___ Supplied entries ___

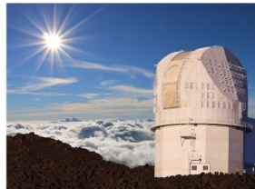
Daniel K. Inouye Solar Telescope
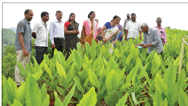
Field visit of trainees
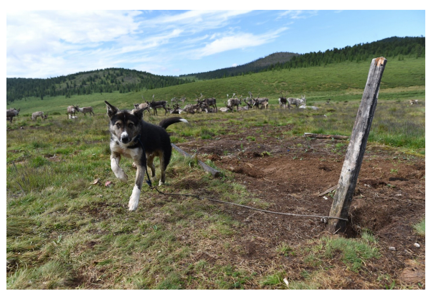
Figure 1 A nameless one-year-old Tožu hunting dog at the reindeer herders' summer campsite Aaldïg-Ažïk, Tožu, Tyva, July 3, 2019.

tethering post for horses. Human and non-human members of the multispecies aal are sensitive to the kodan's invisible borders. For instance, the dogs chase off other aal's livestock from its own kodan territory. This hints at the main responsibility of the kodanči dogs—to protect the campsite and its humans and livestock.
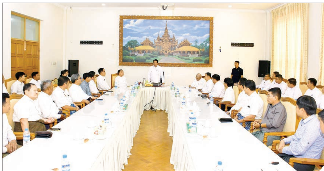
Pyithu Hluttaw Speaker U Khin Yi meets representatives of the Pyithu Hluttaw, Amyotha Hluttaw and Region Hluttaw in Bago Region yesterday.

Moreover, the Speaker noted that in serving the duties of legislative measures, the Hluttaw representatives have to verify all measures, whether existing laws conform with the current period, need to be amended, revoked or revised for promulgation, and these laws can protect the people.
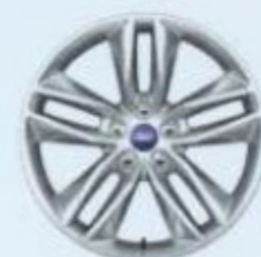
18" Sparkle Silver-painted split-spoke aluminum
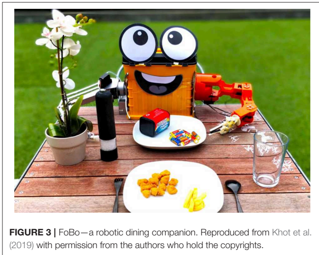
FIGURE 3 | FoBo—a robotic dining companion.
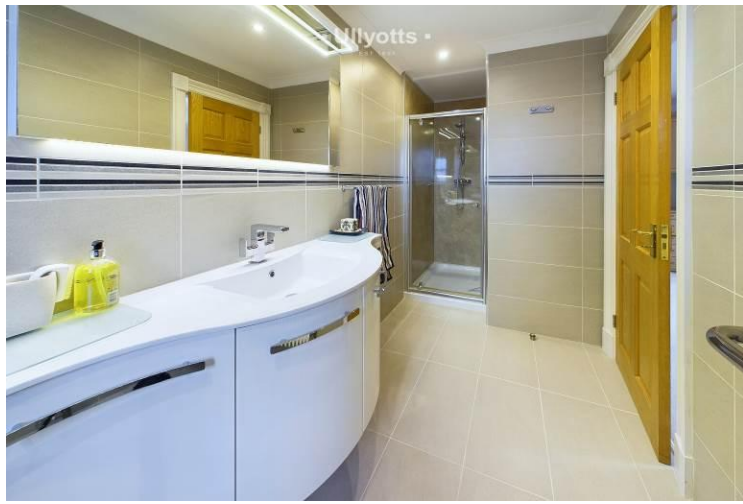
Bedroom 2 ensuite
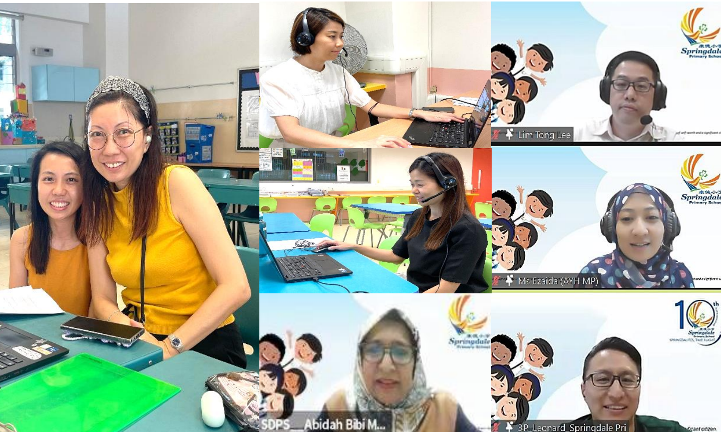
Our Year Heads, Key Personnel & Form Teachers conducting the Parents' Briefing
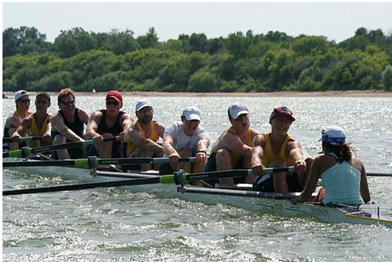
A composite men's eight crew (above) took on the CSG eight (right)
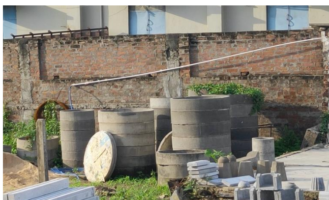
Figure 1: Cement Rings used for lined pits

Containment: Based on sample household surveys, KIIs and FGDs with relevant stakeholders, it was concluded that 100% population is dependent on the On-site Sanitation Systems (OSS). The prevalent OSS in the city are septic tanks connected to open drain (T1A2C6, 57%), fully lined tank (sealed) connected to open drain (T1A3C6, 23%) and lined pit with semipermeable walls with open bottom no outlet or over flow where there is significant risk of ground water pollution (T2A5C10, 20%).
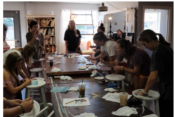
Debs concentrate on decorating stools at the Paint Your Perch party. This traditional event is held in preparation for the December 28 Presentation Ball.
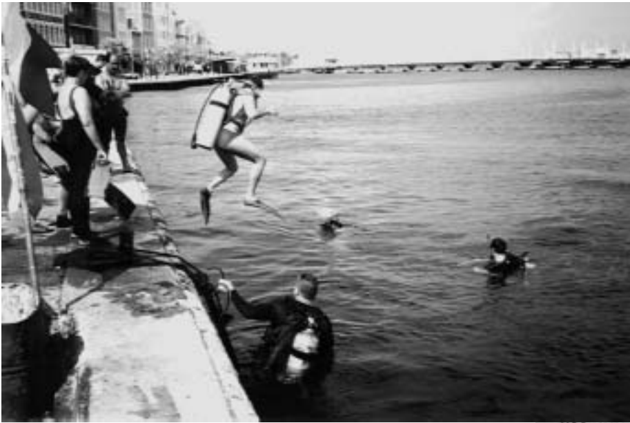
The field school continued the next day on the Mediator site in the Willemstad Harbor.
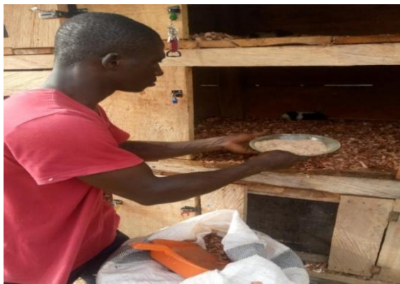
Plate 3.4: Concentrate supplementation

Animals were fed with forages (basal feed) such as Guinea grass ( Panicum maximum ), etc. Kitchen scraps and supplementation of concentrate (15 % crude protein) were given as well (Plate 3.4). Water was offered ad libitum. Feeding and watering troughs were washed every two days. Drinking water was changed every twenty four (24) hours to make sure the Guinea pigs had clean cool water to drink (Plate 3.5).

___

Work required: Your task is to reproduce the entries above word for word, from the first line through the line with "Silver-painted split-spoke aluminum", and please leave out any pictures.

The answer:
Daniel K. Inouye Solar Telescope
Field visit of trainees
Figure 1 A nameless one-year-old Tožu hunting dog at the reindeer herders' summer campsite Aaldïg-Ažïk, Tožu, Tyva, July 3, 2019.

tethering post for horses. Human and non-human members of the multispecies aal are sensitive to the kodan's invisible borders. For instance, the dogs chase off other aal's livestock from its own kodan territory. This hints at the main responsibility of the kodanči dogs—to protect the campsite and its humans and livestock.
Pyithu Hluttaw Speaker U Khin Yi meets representatives of the Pyithu Hluttaw, Amyotha Hluttaw and Region Hluttaw in Bago Region yesterday.

Moreover, the Speaker noted that in serving the duties of legislative measures, the Hluttaw representatives have to verify all measures, whether existing laws conform with the current period, need to be amended, revoked or revised for promulgation, and these laws can protect the people.
18" Sparkle Silver-painted split-spoke aluminum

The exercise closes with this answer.